By Rose Hoban and Rachel Crumpler
It finally happened.
In a move that many health care advocates have been pushing for years, the state Senate introduced a bill on Wednesday that would expand the state’s Medicaid program to some half million-plus low-income North Carolinians.
Until this point, Medicaid has been reserved mostly for children from low-income families along with a small number of parents in those families, poor seniors and people with disabilities. Since 2012, the possibility to sweep in many low-income workers has been on the table as a result of the Affordable Care Act, but Republican leaders in the state senate have been staunch opponents.
Now, after years of saying no, powerful Republicans in the state Senate are saying yes.
“Why now? Why this?

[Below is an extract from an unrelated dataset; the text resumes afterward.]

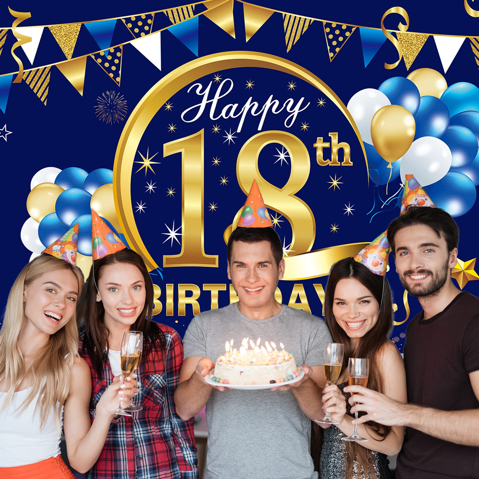 [Unique design] - Unique Blue Gold color, with exquisite party elements, such as balloons, flags, fireworks, etc. The extra-large golden number "18" is very eye-catching, which sets off the sweet party atmosphere for the 18th birthday, enough to create an 18-year-old Happy birthday theme party.

First, we need coverage in North Carolina for the working poor,” said state Senate leader Phil Berger (R-Eden), who admitted during a press conference Wednesday that he has likely been the most outspoken person in the state about his opposition to Medicaid expansion.
“Second, there is no fiscal risk to the state budget moving forward with this proposal,” Berger added, noting that the bill includes pay-fors that would have hospitals largely on the hook to pay the 10 percent of the costs for the expansion population not covered by an enhanced federal payment. There’s also a federal incentive that would total some $1.5 billion in extra funds that would flow to North Carolina over a two-year period.

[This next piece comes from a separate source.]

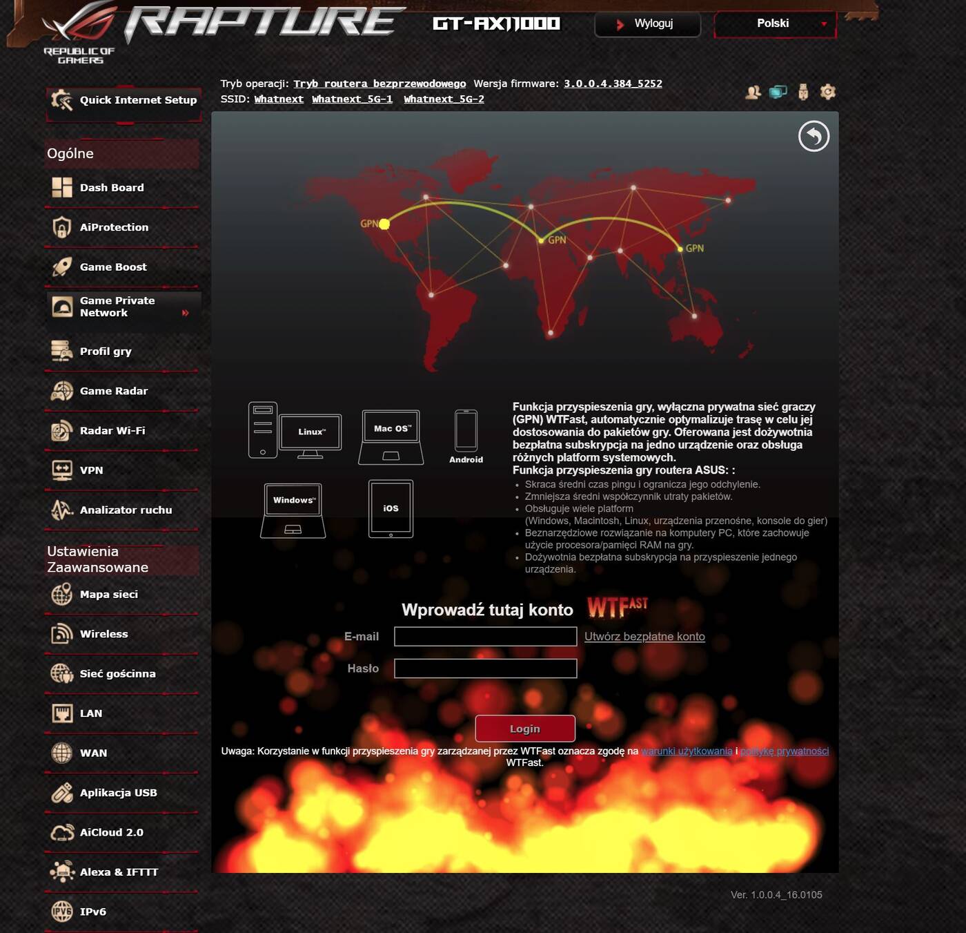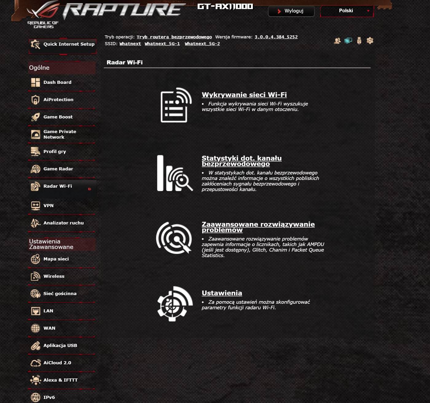 Asus ROG Rapture GT-AX11000 obsługuje sieci od 802.11a do 802.11ax przy częstotliwości 2,4 GHz i 5 GHz. ten ostatni to najnowszy standard WiFi, który daje jeszcze większe możliwości. Transfery mogą wynosić do 1148 Mbps przy 2,4 GHz oraz do 4804 Mbps przy 5 GHz. Warto tutaj wspomnieć, że router oferuje jedną sieć 2,4 GHz oraz dwie 5 GHz – sami widzicie, jakie są możliwości podłączenia urządzeń.

Finally, he argued that since the state has moved Medicaid from being a state-run fee-for-service program to one managed by commercial insurance companies, the program has been “reformed and transformed.”
“Medicaid expansion has now evolved to a point that it is good state fiscal policy,” Berger continued. “But again, I cannot emphasize this enough: Expanding Medicaid needs to happen with additional reforms.”
Those reforms could make the bill to be titled Expanding Access to Healthcare in North Carolina a hard pill for many to swallow. One aspect of the bill would set up a work requirement for the new beneficiaries, something that’s been repeatedly struck down in other states by federal judges.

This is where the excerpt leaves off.